[RECORDED DATA]:
▼
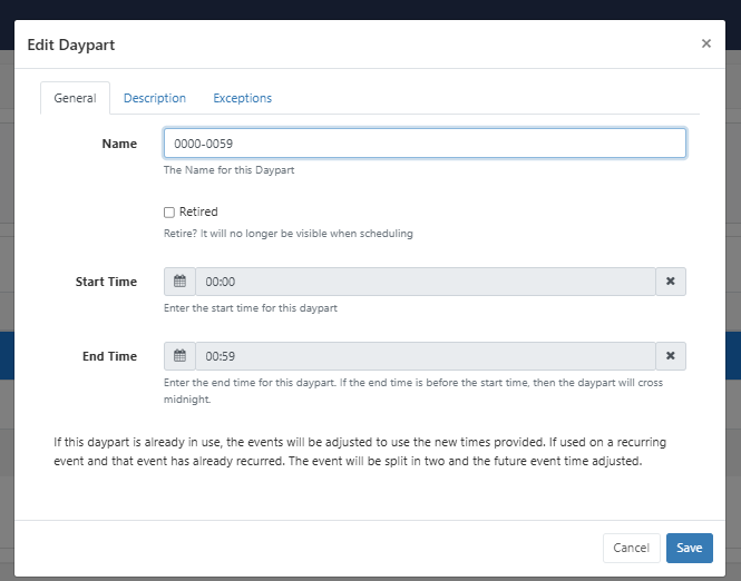 I have a daypart, 0000-0059 for testing. I have set a schedule with Library Open for with this daypart, its about 2200 but the display is not showing the Default layout, its displaying the Open Layout.
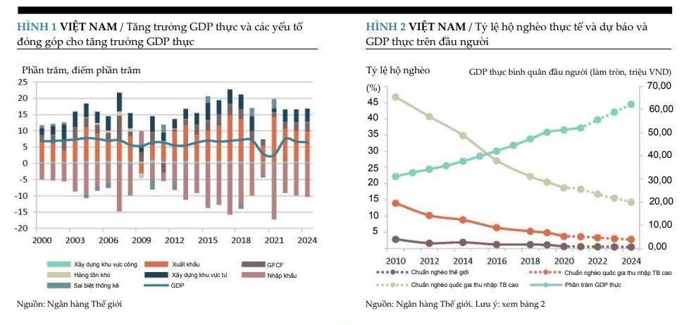 Sau một thời gian bị đình trệ do cuộc khủng hoảng COVID-19, tốc độ giảm nghèo dự kiến sẽ tăng lên, với tỷ lệ hộ nghèo giảm từ 3,7% vào năm 2021 xuống còn 3,3% vào năm 2022, dựa trên chuẩn nghèo LMIC của Ngân hàng Thế giới (3,65 USD/ngày 2017 PPP). Triển vọng kinh tế cho thấy vẫn còn tiềm ẩn nhiều rủi ro ở phía trước. Các rủi ro từ bên ngoài bao gồm áp lực lạm phát toàn cầu dai dẳng và suy giảm kinh tế sâu hơn dự kiến của các đối tác thương mại chính của Việt Nam (Hoa Kỳ, khu vực đồng Euro và Trung Quốc) và sự gián đoạn tiếp diễn trong Chuỗi giá trị toàn cầu (GVC).
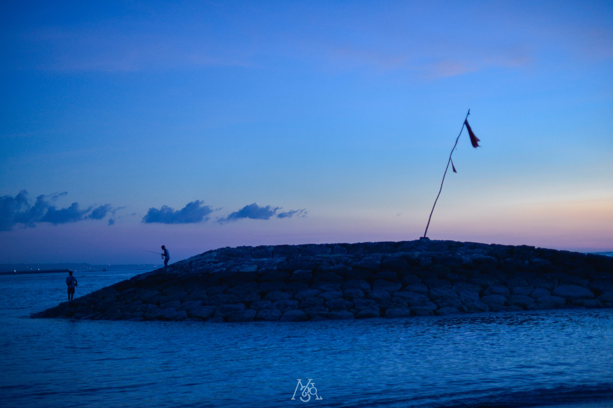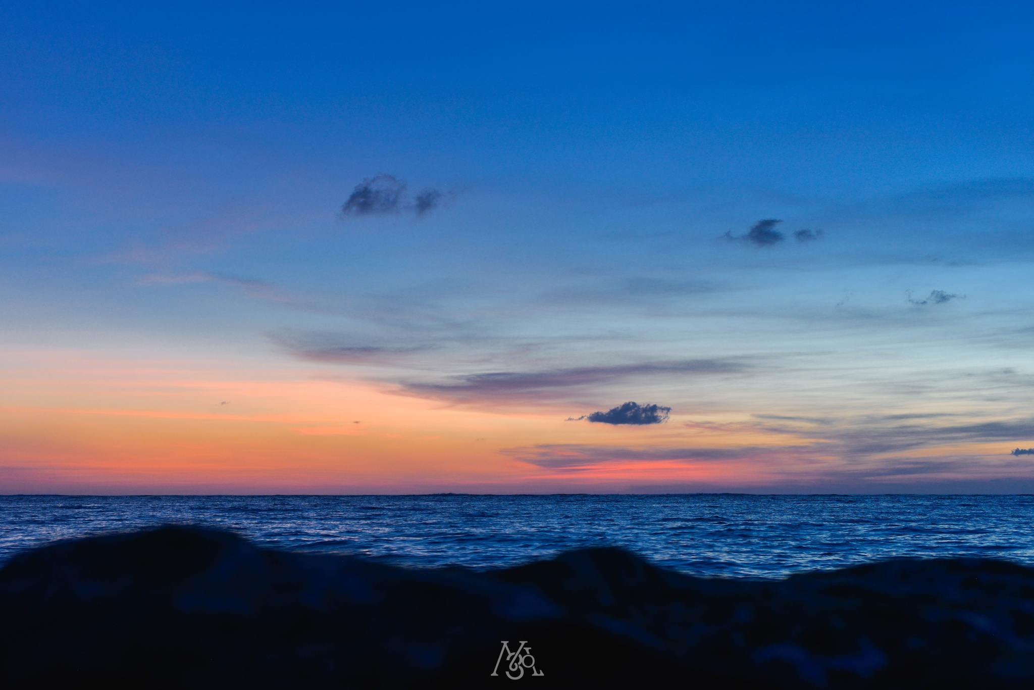 开阔的海岸线绵延不绝,橙色的阳光慢慢被从沙滩上剥离,只留下远处的金黄色小点。
▲
[REQUIRED ACTION]: Reproduce the material above verbatim; omit every picture.

[RESULT FOR THIS TASK]:
 I have a daypart, 0000-0059 for testing. I have set a schedule with Library Open for with this daypart, its about 2200 but the display is not showing the Default layout, its displaying the Open Layout.
 Sau một thời gian bị đình trệ do cuộc khủng hoảng COVID-19, tốc độ giảm nghèo dự kiến sẽ tăng lên, với tỷ lệ hộ nghèo giảm từ 3,7% vào năm 2021 xuống còn 3,3% vào năm 2022, dựa trên chuẩn nghèo LMIC của Ngân hàng Thế giới (3,65 USD/ngày 2017 PPP). Triển vọng kinh tế cho thấy vẫn còn tiềm ẩn nhiều rủi ro ở phía trước. Các rủi ro từ bên ngoài bao gồm áp lực lạm phát toàn cầu dai dẳng và suy giảm kinh tế sâu hơn dự kiến của các đối tác thương mại chính của Việt Nam (Hoa Kỳ, khu vực đồng Euro và Trung Quốc) và sự gián đoạn tiếp diễn trong Chuỗi giá trị toàn cầu (GVC).
 开阔的海岸线绵延不绝,橙色的阳光慢慢被从沙滩上剥离,只留下远处的金黄色小点。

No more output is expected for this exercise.